Studies that evaluated exclusively NHABSI

Table 1 summarizes the characteristics and findings of the 2 studies in which only NHABSI was evaluated. The study by Almog et al Reference Almog, Yanovskay, Edelstein, Schwartz, Colodner and Chazan8 was a letter to the editor and was included in this review because it evaluated a large number of cases of NHABSI (N = 177) and provided information on antibiotic resistance. This retrospective study of NHABSI included residents of 48 nursing homes in Israel who were admitted to 1 hospital from 2010 to 2014. A substantial percentage of residents had invasive devices (eg, urinary catheter, 35%; feeding tube, 11%). Microbiology information was limited, but 62% of the episodes were related to urinary tract infection. The important finding of this study was the high rate of resistance of gram-negative blood isolates. Among gram-negative blood isolates, 47% of Enterobacteriaceae produced extended-spectrum β-lactamase (ESBL), 55% were resistant to a fluoroquinolone, and 42% were resistant to gentamicin. The second study was a retrospective analysis with 107 episodes of BSI among nursing home residents admitted to 1 hospital in the United States between 2015 and 2018. Reference Aliyu, McGowan, Hussain, Kanawati, Ruiz and Yohannes9 This study compared the outcomes of nursing home residents with BSIs due to multidrug-resistant organisms (MDROs) with the outcomes of nursing home residents with non-MDRO BSIs.
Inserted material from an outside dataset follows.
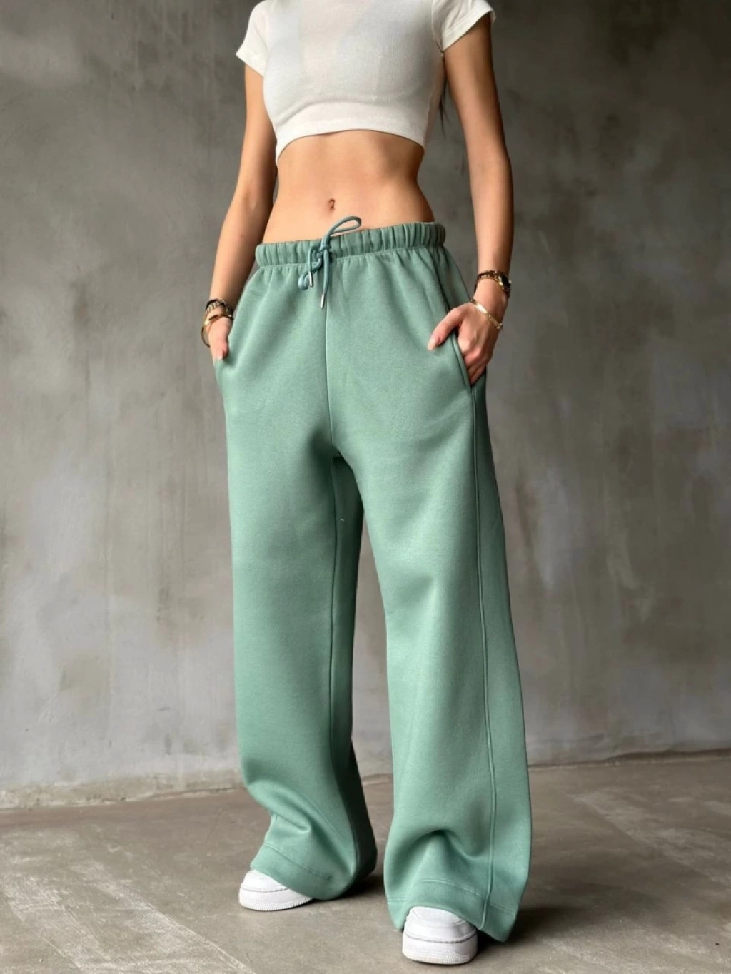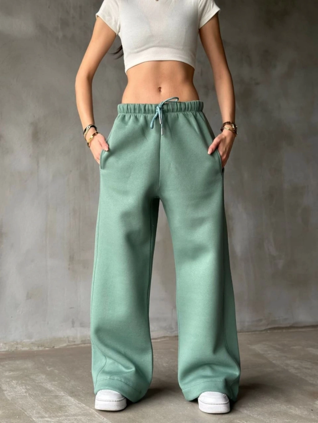 Palazzo Bol Paça Eşofman Pantolon - Yeşil
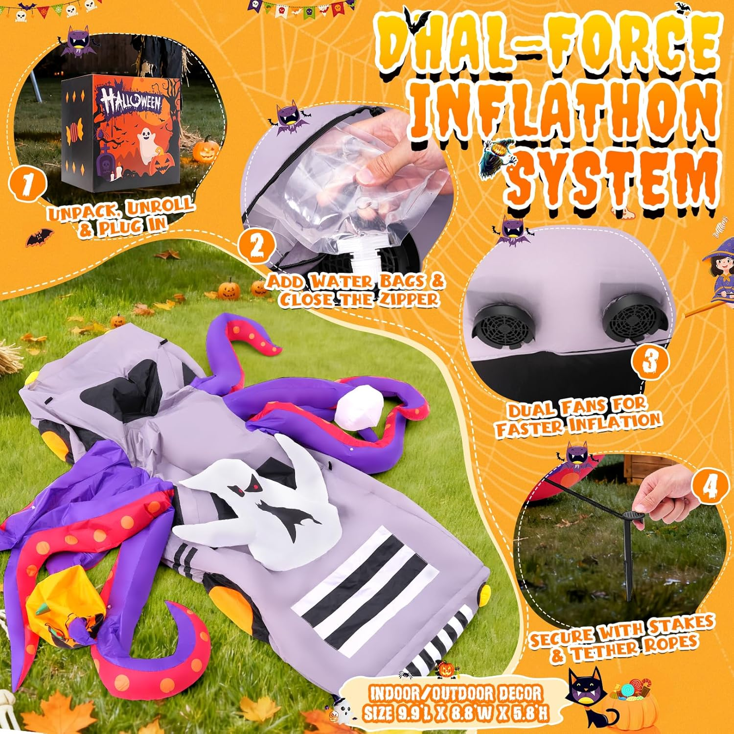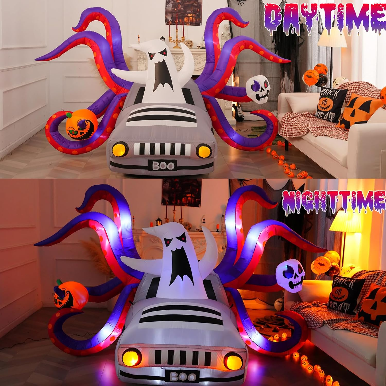 10FT Giant Halloween Inflatable Octopus Demon Car: This terrifying Halloween centerpiece features a menacing demon ghost bursting from a car hood with 8 massive octopus tentacles crashing through windows. Tentacles impale a glowing jack-o'-lantern and skull through their eyes, enhanced with 14 dynamic LED lights for a spine-chilling 360° horror experience that transforms your yard into the neighborhood's most talked-about Halloween destination!

Multidrug resistance was defined as resistance to at least 1 agent in 3 or more distinct antibiotic classes. Reference Magiorakos, Srinivasan and Carey14 For gram-positive isolates, 57% met MDRO criteria; for gram-negative isolates, 35% were MDRO. The overall hospital mortality rate was 39%; the mortality rate among those with MDRO BSI was 49% compared to 30% among those with non-MDRO BSI. In a multivariate analysis, inappropriate empiric antibiotic therapy was not a significant predictor of mortality. However, the validity of the multivariate analysis is questionable due to the small study population and lack of information about invasive devices and sources of BSI.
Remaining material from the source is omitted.